JE VEUX UN SABRE TURC...
Par Michel Bellin le samedi 16 mai 2009, 09:13 - Lien permanent
Je commence cette journée de samedi dans l'indolence. Quelques biscuits secs, un Nespresso Ristretto, et un verre de Pur Premium ‘Rouge plaisir'. J'ai vite éteint la radio (vomitus matutinus !) et, dans le silence de ma chambrette, je feuillette un livre de poésie intitulé « Les cent poèmes du bonheur ». Ma maudite céphalée est déjà à l'affut, mais j'ai décidé de l'ignorer et de l'annihiler par la musique : après le pur joyau de Théophile Gauthier, ce sera la merveilleuse sonate N°21 de Franz Schubert sous les doigts de Mitsuko Uchida. Rêveur et mélancolique, j'aime fredonner le premier mouvement où tout est lumière et ténèbres, souffrance et silence intérieur, solitude et lien avec tous les êtres aimés, spécialement l'Ami que j'ai quitté il y a quelques jours dans son lointain Emirat et que je retrouverai bientôt… si Allah y consent.
Délicieuses et cuisantes larmes...
« Je veux un sabre turc, un poignard indien
Dont le manche de saphirs brille ;
Mais surtout je voudrais un cœur fait pour le mien… »

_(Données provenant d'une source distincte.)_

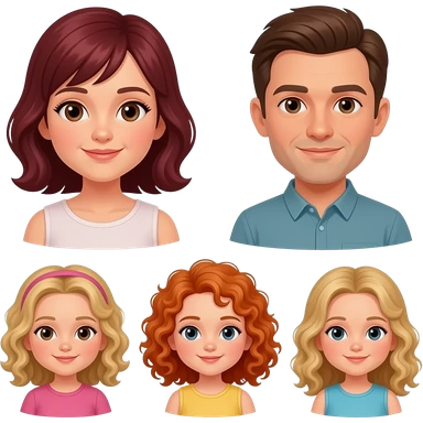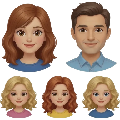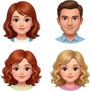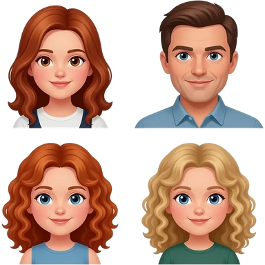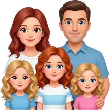White Mom red-brown hair and brown eyes , brown hair Dad with blue eyes, blonde curly hair 8 year old girl with brown eyes, a Red curly hair 12 year old Girl with blue eyes, and blonde curly hair 5 year 5 old girl emoji
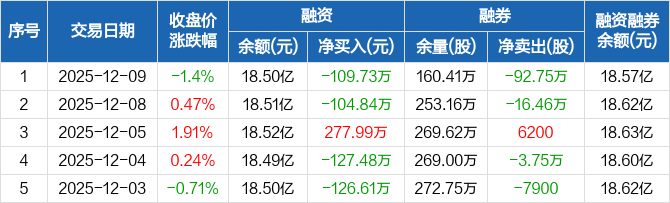 国海证券:融资净偿还109.73万元,融资余额18.5亿元(12-09)
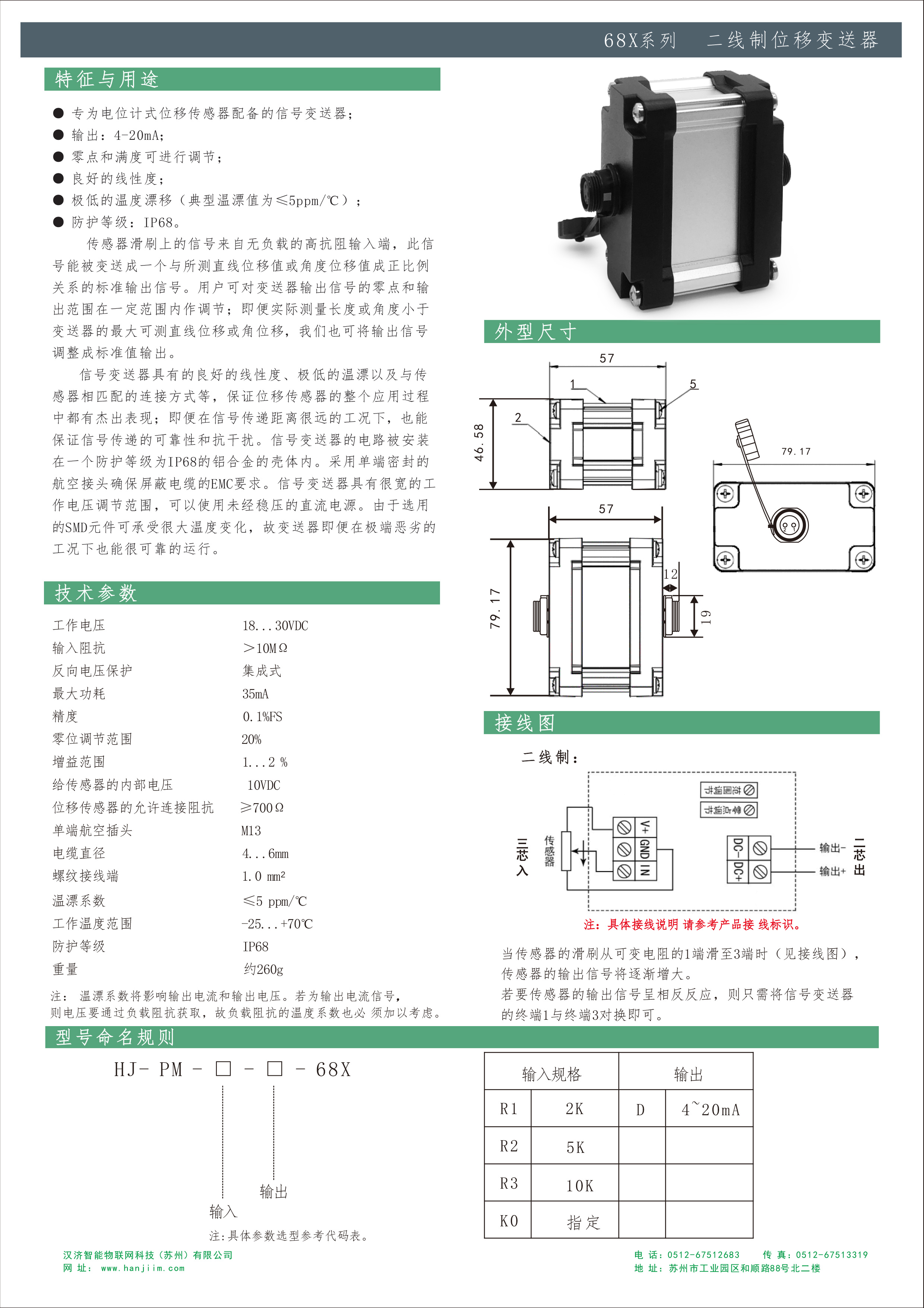 專為電位計(jì)式位移傳感器配備的信號變送器; 輸出:4-20mA; 零點(diǎn)和滿度可進(jìn)行調(diào)節(jié); 良好的線性度; 極低的溫度漂移(典型溫漂值為≤5ppm/℃); 防護(hù)等級:IP68。
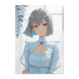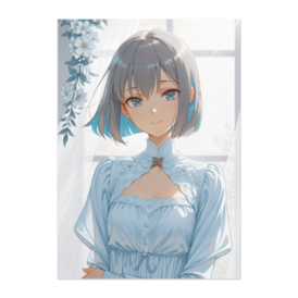 ポスター - B2この商品はpixivFACTORYで作られた商品です。サンプル画像は完成イメージのため、実物と異なる場合があります。 淡いブルーカラーのブラウスと、すっきりとしたボブヘアが印象的なイラストです。 柔らかな自然光と花のモチーフが、清潔感と透明感のある雰囲気を引き立てます。 爽やかで落ち着いた空気を感じられる一枚です。
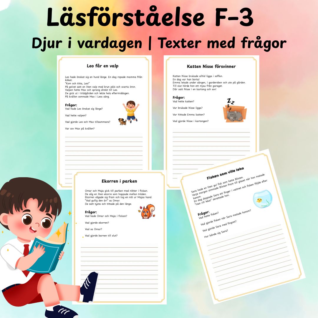 Läsförståelse – Djur i vardagen är ett lekfullt och lättanvänt häfte med 4 korta berättelser om djur, anpassade för elever i förskoleklass och årskurs 1–3.
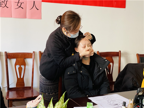 活動正式進(jìn)入主題,主講老師通過“內(nèi)在女神祈禱”和“外在養(yǎng)護(hù)分享”兩個環(huán)節(jié)的互動和分享。“我內(nèi)在的女神,我以我的性別為榮”、“我內(nèi)在的女神,我以我的情緒為榮”、“我內(nèi)在的女神,我以我的身體為榮”......養(yǎng)護(hù)環(huán)節(jié),老師教授現(xiàn)場女性如何使用撥筋棒進(jìn)行日常面部養(yǎng)護(hù)。
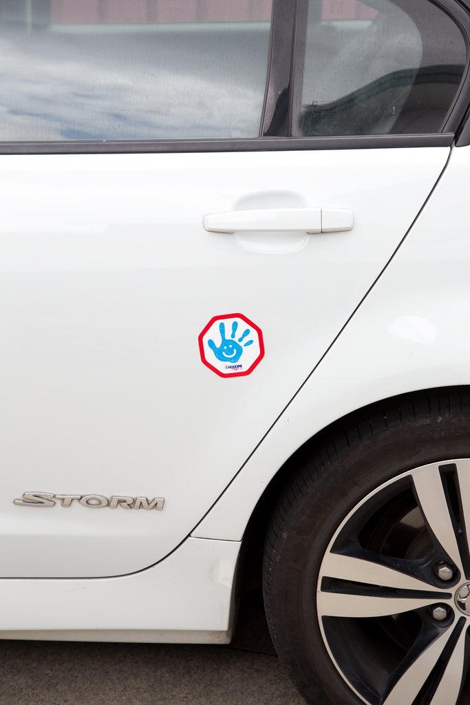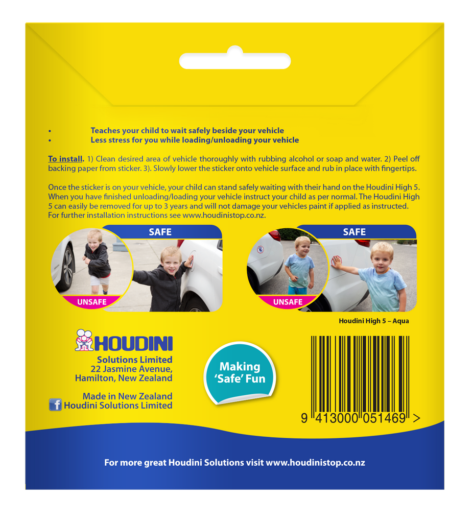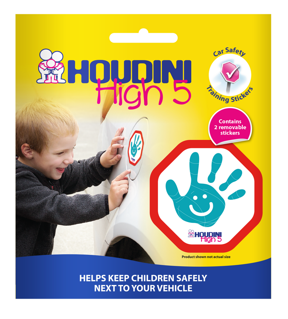 Houdini High 5 teaches your child to wait safely beside your vehicle. It gives them a fun job to find the hand when they get out, allowing parents to remove other children and items from the car which means less stress for you.
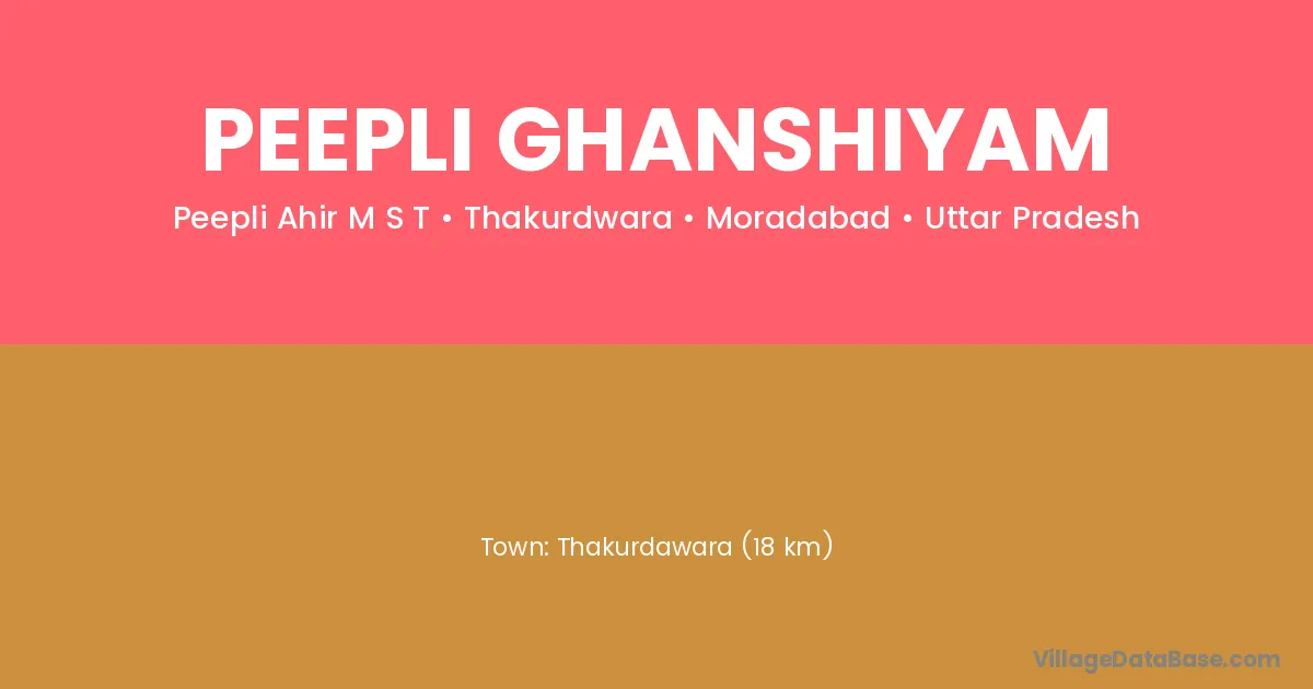 Thakurdawara (18 km) is the nearest town to Peepli Ghanshiyam village for major economic activities and is located approximately 18 km away.
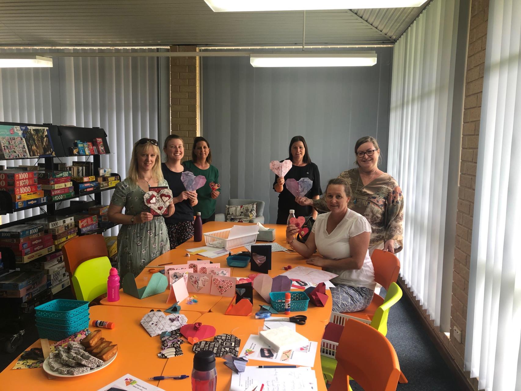 An interactive Origami Hearts workshop was held at the Waroona Library Tuesday 11 February, being the first activity of the Act, Belong-Commit 'Socialisation at the Library' series.
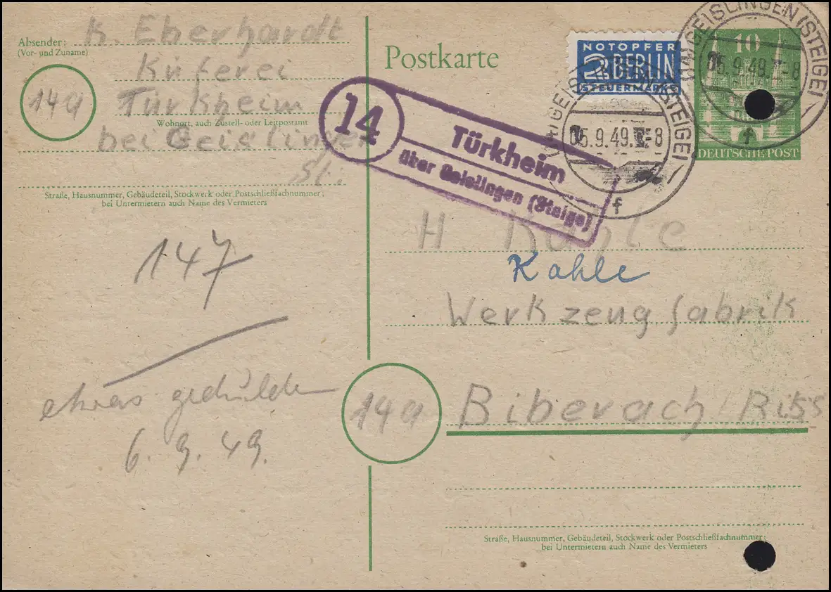 Landpost Türkheim sur GEISKINGEN (STEIGE) 5.9.1949 sur carte postale Bizone P 2I

Délicieuses et cuisantes larmes...
« Je veux un sabre turc, un poignard indien
Dont le manche de saphirs brille ;
Mais surtout je voudrais un cœur fait pour le mien… »
SOUHAITS
Si quelque jeune fée à l'aile de saphir,
Sous une sombre et fraîche arcade,
Blanche comme un reflet de la perle d'Ophir,
Surgissait à mes yeux, au doux bruit du zéphyr,
De l'écume de la cascade,
Me disant : « Que veux-tu ? larges coffres pleins d'or,
Palais immenses, pierreries ?
Parle ; mon art est grand. Te faut-il plus encor ?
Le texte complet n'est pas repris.